A good teacher will no what your capable of before you do and know what you can handle. Sometimes, as when I've had apprentices with me, your limited until you show you got a pair and jump in.

Hate to see my boss get dirty... first lesson learned


----------



## ogre plumber (Dec 30, 2010)

My thoughts are you only learn by doing it and the more you do it the better you get.Unless a guy is a complete dumbass I think the sooner he starts the better.


----------



## Redwood (Sep 8, 2008)

Richard Hilliard said:


> When the apprentice is learning quickly I am as fast with the trigger to let them start helping me.I am there to teach and most people learn by doing.


My thoughts exactly...

If the apprentice is a good one, pays attention, works hard, and gets it done right, Feed him the knowledge as fast as you can....

If the guy is useless he can be a tool and materials carrier a long long time...


----------



## Plumberman (Jul 7, 2008)

My apprenticeship was also a trial by fire. Things work a little differently down here and I was running work as a 4th year. I was told to sink or swim and thank God I swam fast!

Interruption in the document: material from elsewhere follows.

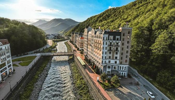 До набережной "Роза-Хутор" 300 м.

I haven't worked for any real peckerheads, me being 6'6" and 235 lbs probably helped with that... Haha

I say turn him loose, what I tell my help is you can't break anything that I can't fix (within reason) they have to learn it from somewhere so just guide him the right way and he will appreciate it, plus you will get some good help.


----------



## smoldrn (Oct 4, 2010)

Just teach him right. The old man that taught me didn't believe in anybody soldering back in the wall until their 4th year. Nothing but straps & caps till then. He'd have me fit everything up, then wait for him to solder it.
In my 3rd year, He was up in the attic & I had fitted up a section down below. I just grabbed the torch & had at it. He came down & looked at everything with an inspection mirror & said "I guess it'll do. We'll find out when ya turn the water on."


----------



## jmreid73 (Feb 20, 2009)

Agree with all that's been said. He's right over my shoulder when I'm working. Let him sweat a bunch of stuff last week and he did a pretty good job. Even grabbed the rag and wiped his joints. He's got a good work ethic and I think he's well on his was to being a good addition to the trade.


----------